Lorsque je veux relever le deuxième bouchon, rien ne vient. J’ai beau tirer de toutes mes forces, je ne déchire que des miettes. Le bouchon viendra tout en miettes. C’est totalement étonnant car à travers le verre, le bas du bouchon est d’un beau liège bien sain. En déchiquetant ainsi le bouchon des miettes sont tombées dans le liquide et avec patience et le manche d’une cuiller, j’ai pu extirper la myriade de petits morceaux de bouchon. J’ai compris ce qui s’était passé en mettant mon doigt dans le goulot de la bouteille. Le haut du goulot a une surépaisseur, non seulement sur l’arête externe du goulot, mais aussi sur l’arête interne. Ce qui fait que le haut du goulot a une section deux fois plus petite que la section du bas du goulot. De ce fait, il était impossible que le bouchon sorte sans se déchirer.
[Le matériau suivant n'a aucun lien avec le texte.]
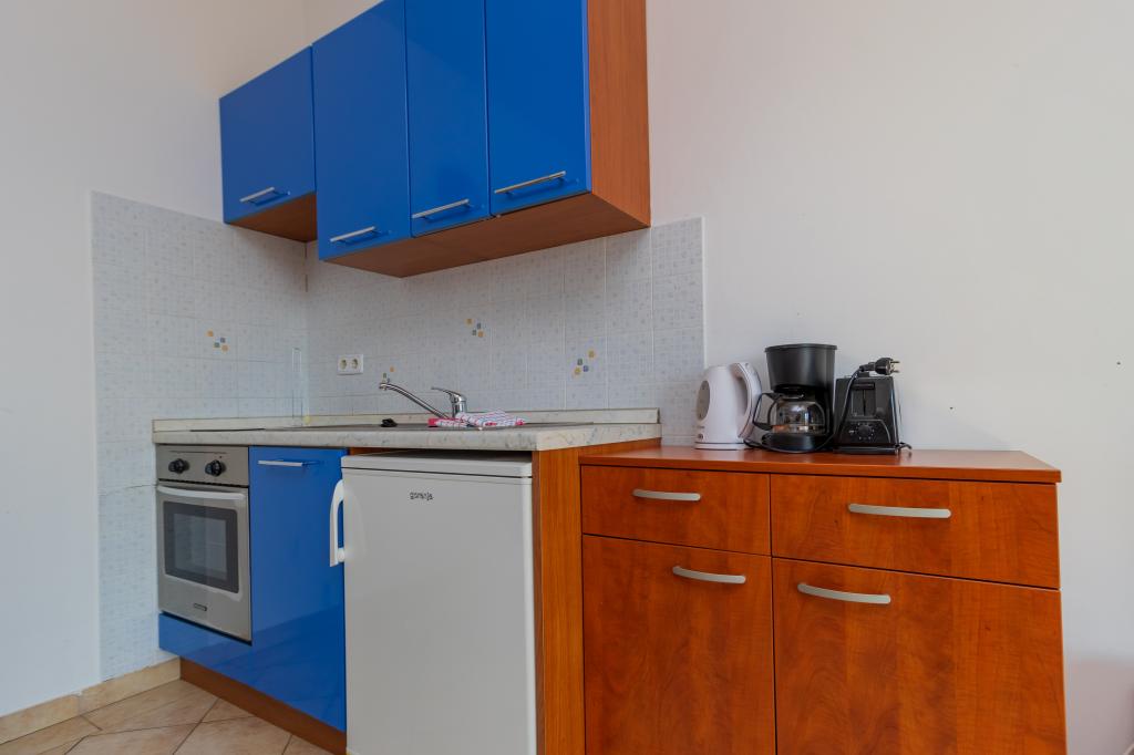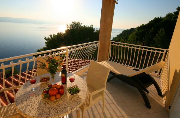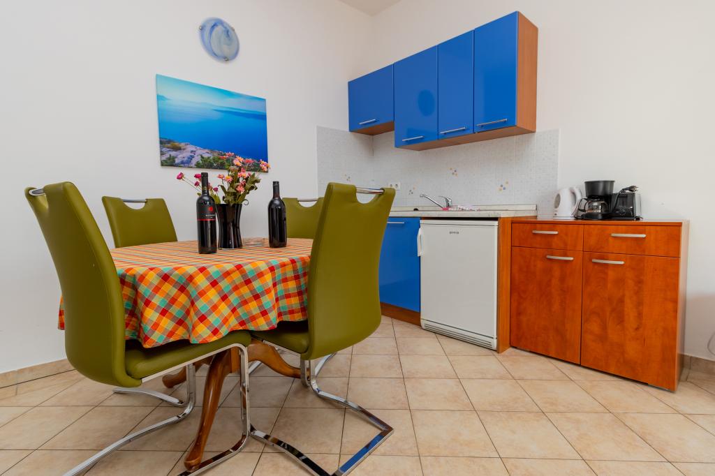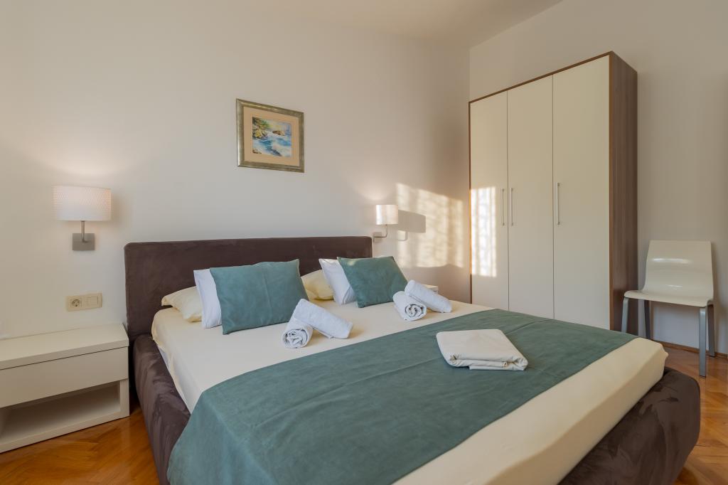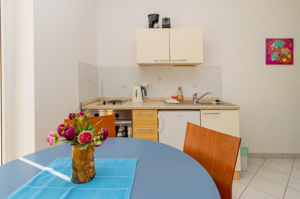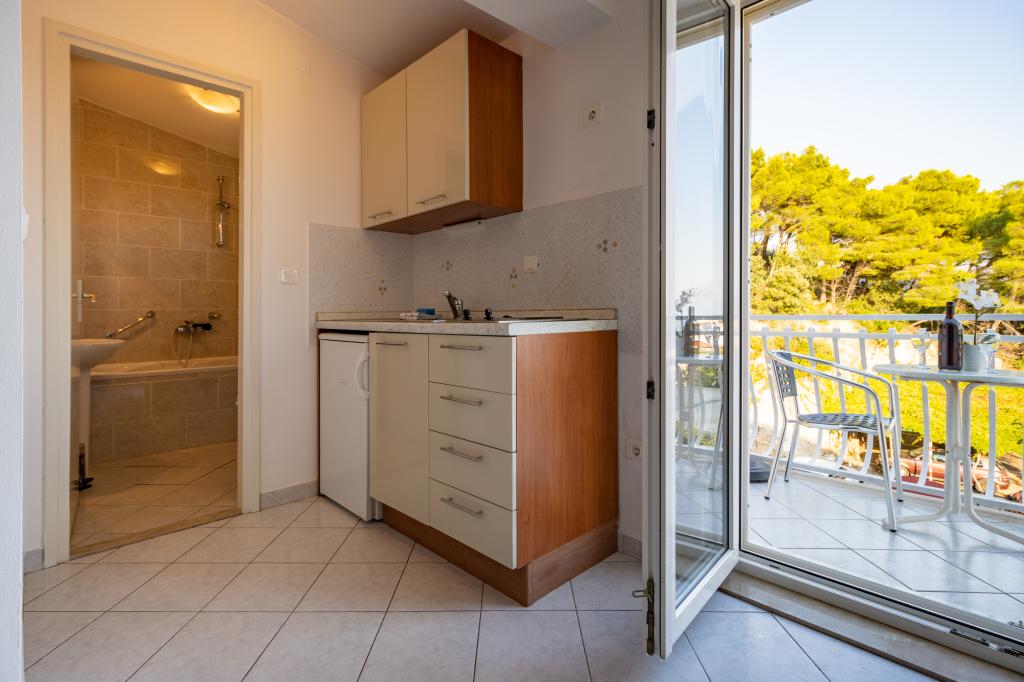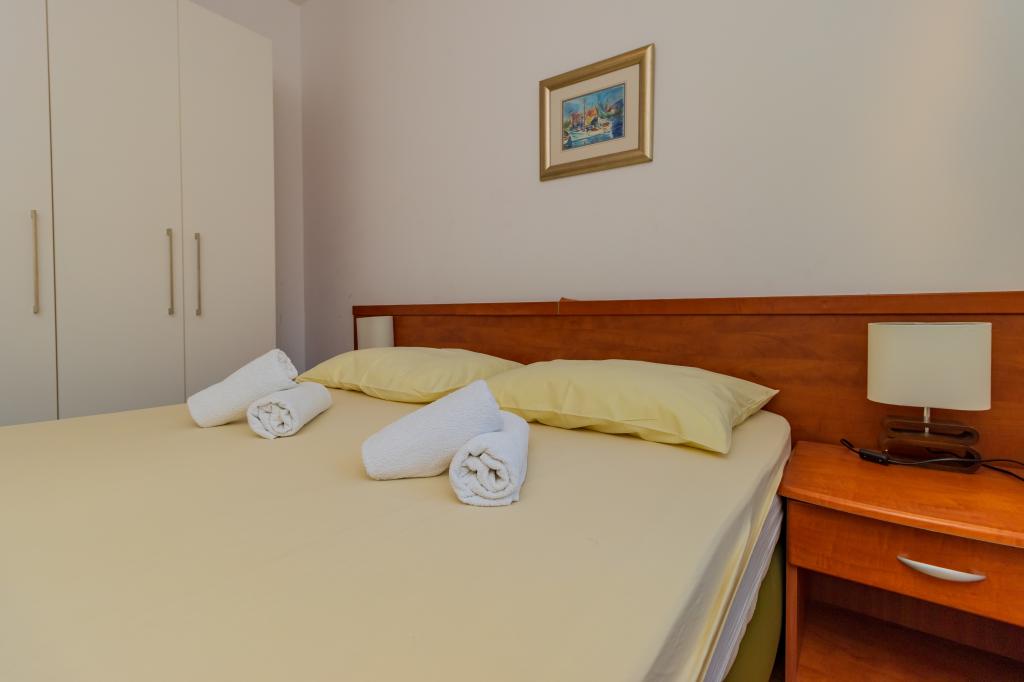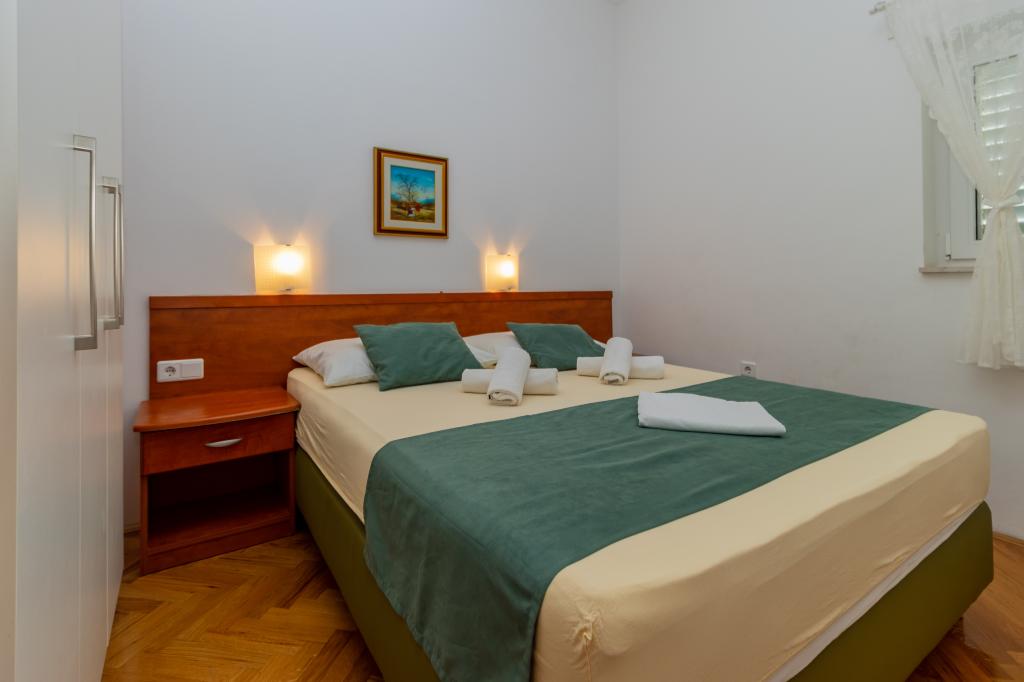 Vila Mandolina este situată chiar deasupra plajei, la marginea unui golf liniștit, iar toate apartamentele au o terasă cu o vedere frumoasă la mare și la insulele din apropiere. Fiecare are o bucătărie modern utilată, baie, internet WIFI gratuit, SAT-TV, aer condiționat, duș, prosoape și lenjerie de pat, living cu canapea extensibilă și sufragerie. Vila are trei sau patru tipuri de apartamente, iar prețurile variază și în funcție de dimensiunea și locația în vilă. Ca oaspete al nostru, utilizați frumoasa plajă (grătar pe plajă și la vilă, două șezlonguri gratuite per apartament până la sfârșitul sejurului în vilă, umbrele, duș pe plajă) și parcarea cu supraveghere video, toate gratuite!! Plaja poate fi accesată pe scări direct de la vilă.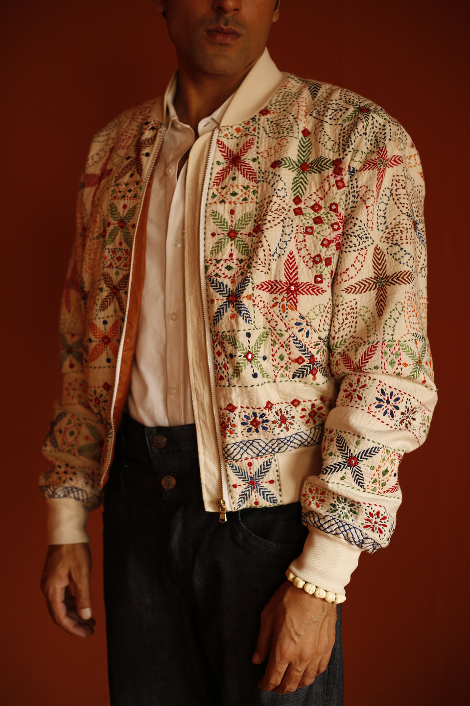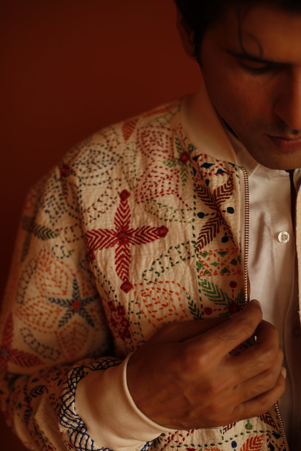 A clean white base brought to life with vivid threadwork, every stitch a mark of artistry.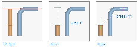 Step 1: route a new pipe and move cursor near the flange connection. Press P to lock cursor in that connection. Because direction is locked, you have to release cursor by pressing Shift+A.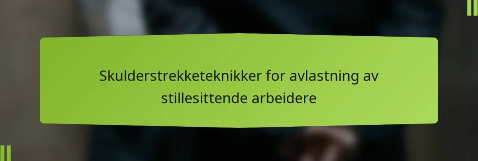 For stillesittende arbeidere er det viktig å inkludere skulderstrekketeknikker i den daglige rutinen for å lindre spenninger og øke fleksibiliteten. Disse strekkene kan bidra til å motvirke ubehaget som følger med langvarig sitting, og fremme bedre holdning og generell skulderhelse. Ved å dedikere bare noen få minutter hver time til disse øvelsene, kan du betydelig …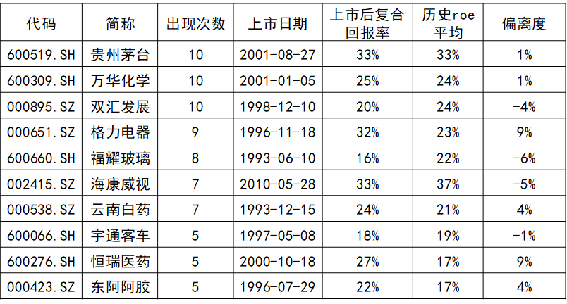 把指标调高,「ROE 五年平均值大于 20%,最低值大于 15% 」走一波。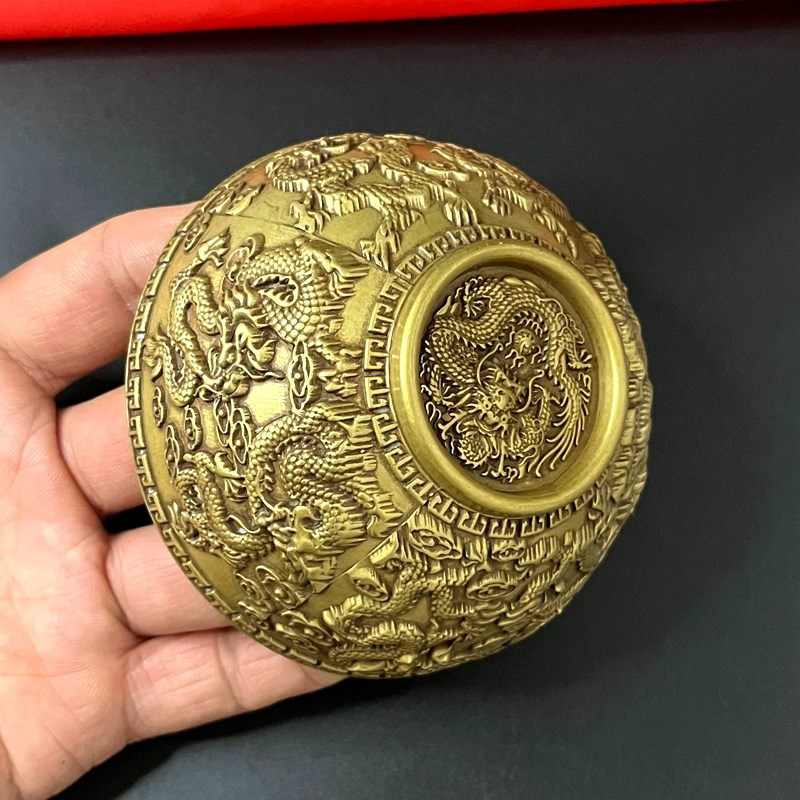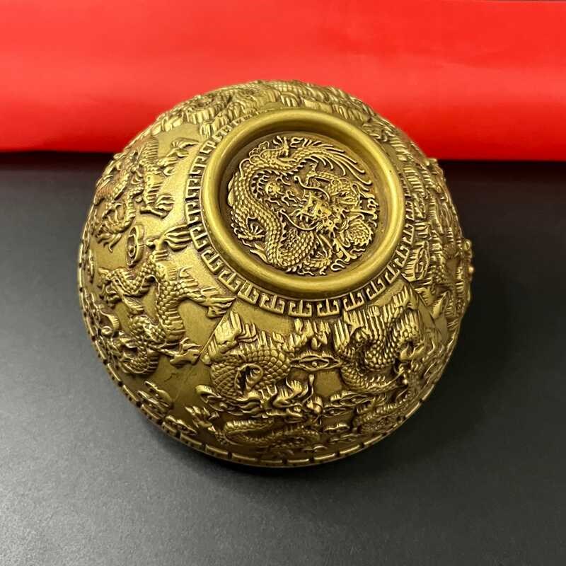 纯铜九龙浮雕龙年圣水杯供水杯净水杯供水碗家居摆件开业乔迁装饰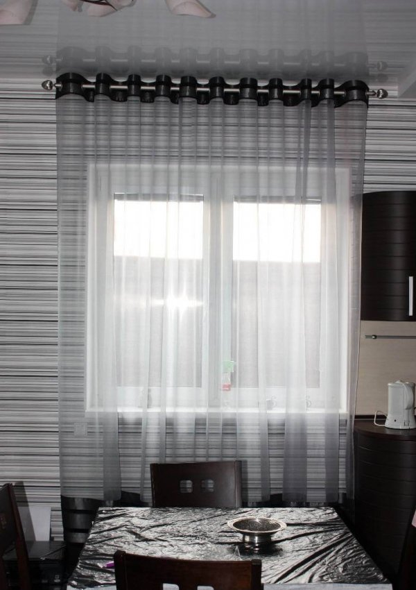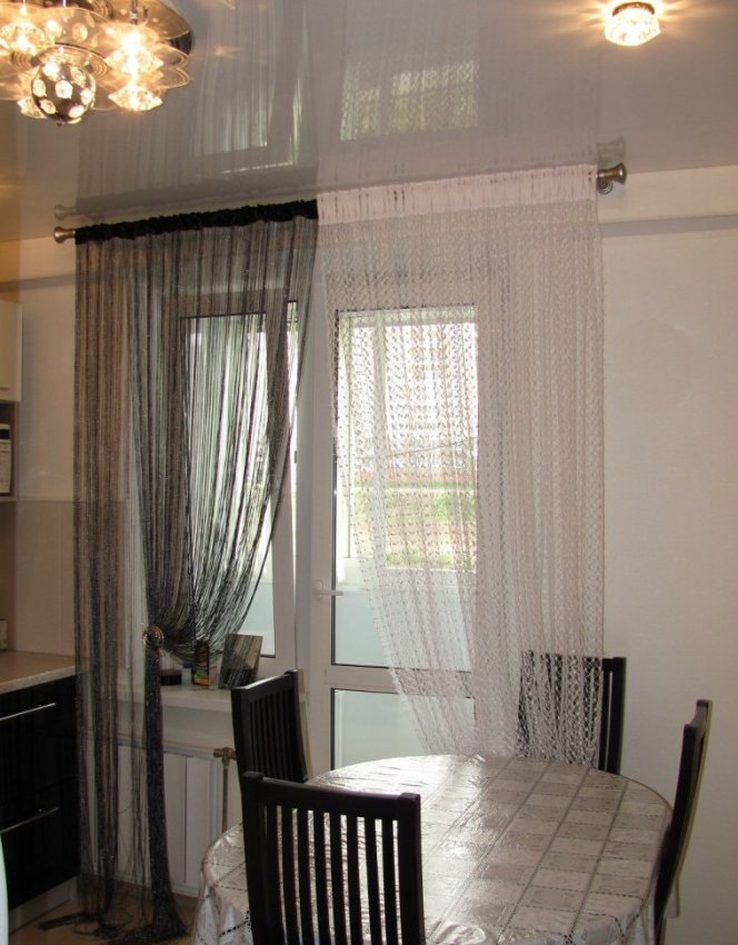 Чёрно-белые шторы-нити подойдут для оформления окна чёрной кухни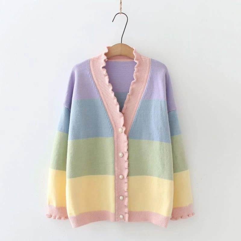 Cute Rainbow Striped Wave Cardigan Coat SP16088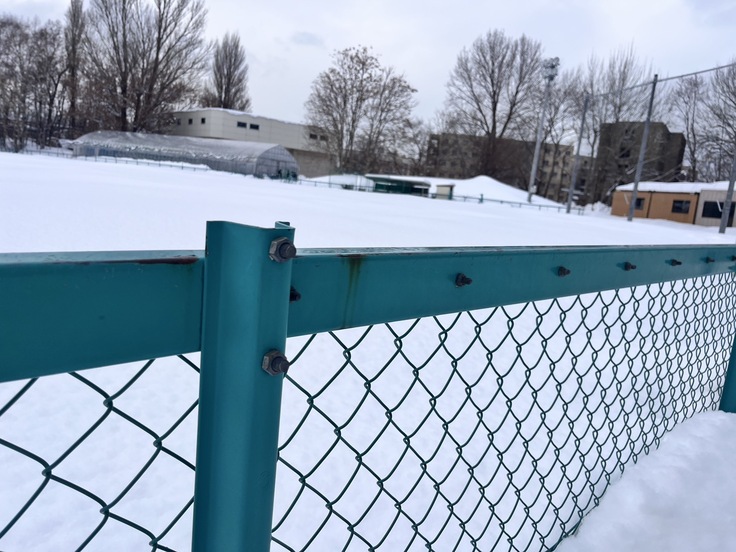 積雪のため少しわかりにくいかもしれませんが、特に状態の酷かったファールゾーン付近のフェンスが改修され、ますます安全にプレーできる環境になりました。春の練習試合では、けがの心配なくのびのびとプレーする選手の姿が見られることと思います✨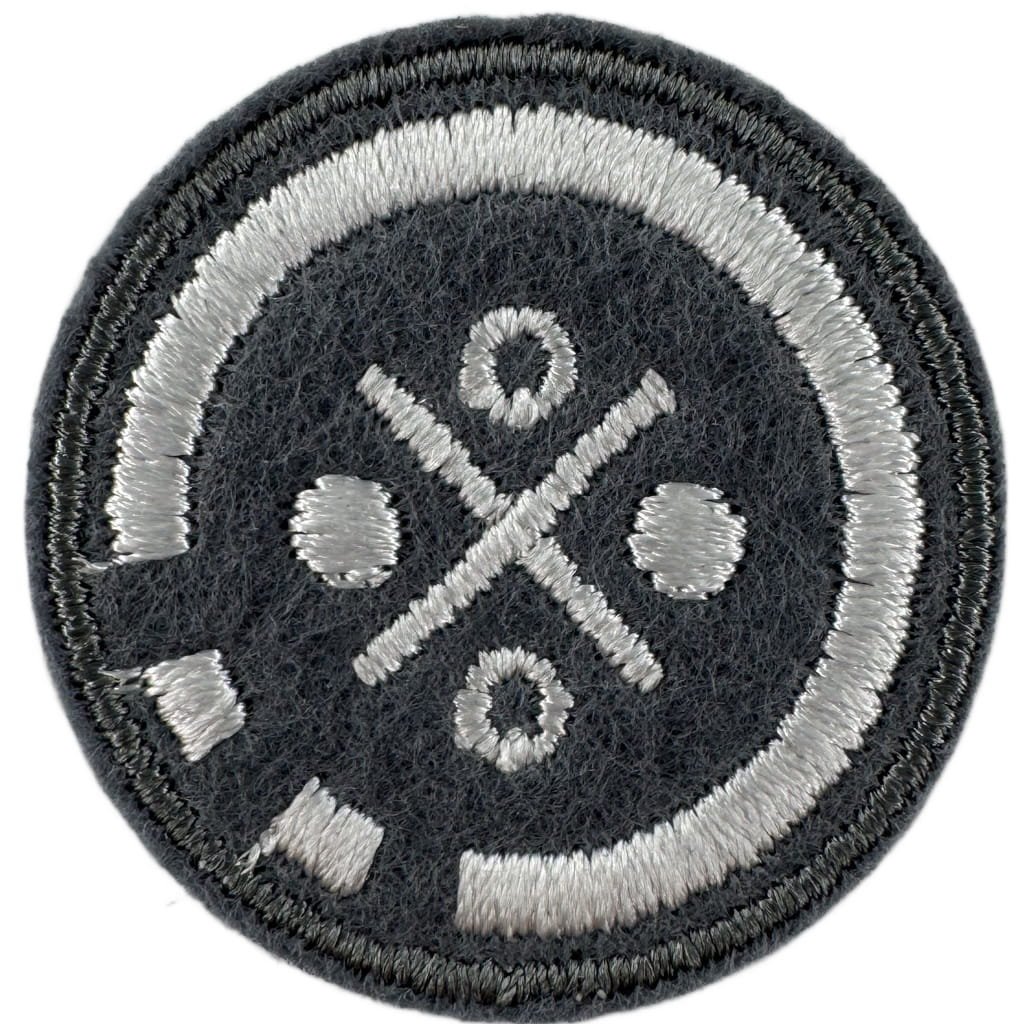 Sprawności harcerskie ZHR żeńskie o średnicy 30mm, haftowana białą nicią na szarym filcu.

Les parfums des Yquem des deux bouteilles sont très proches, majestueusement capiteux. Je sens que nous allons nous régaler.

J’attends sagement l’arrivée des convives après avoir donné au personnel qui sera attaché à notre dîner les consignes de service.

Tous les convives résidant à l’hôtel Bristol, il leur est assez facile d’être présents à l’heure dite. Après un court speech d’introduction à ce dîner, nous prenons l’apéritif debout.

Le Champagne Henriot Cuvée des Enchanteleurs magnum 1996 est toujours aussi rassurant. Champagne solide, classique, porteur de beaux fruits gourmands, c’est le partenaire idéal d’un apéritif tranquille.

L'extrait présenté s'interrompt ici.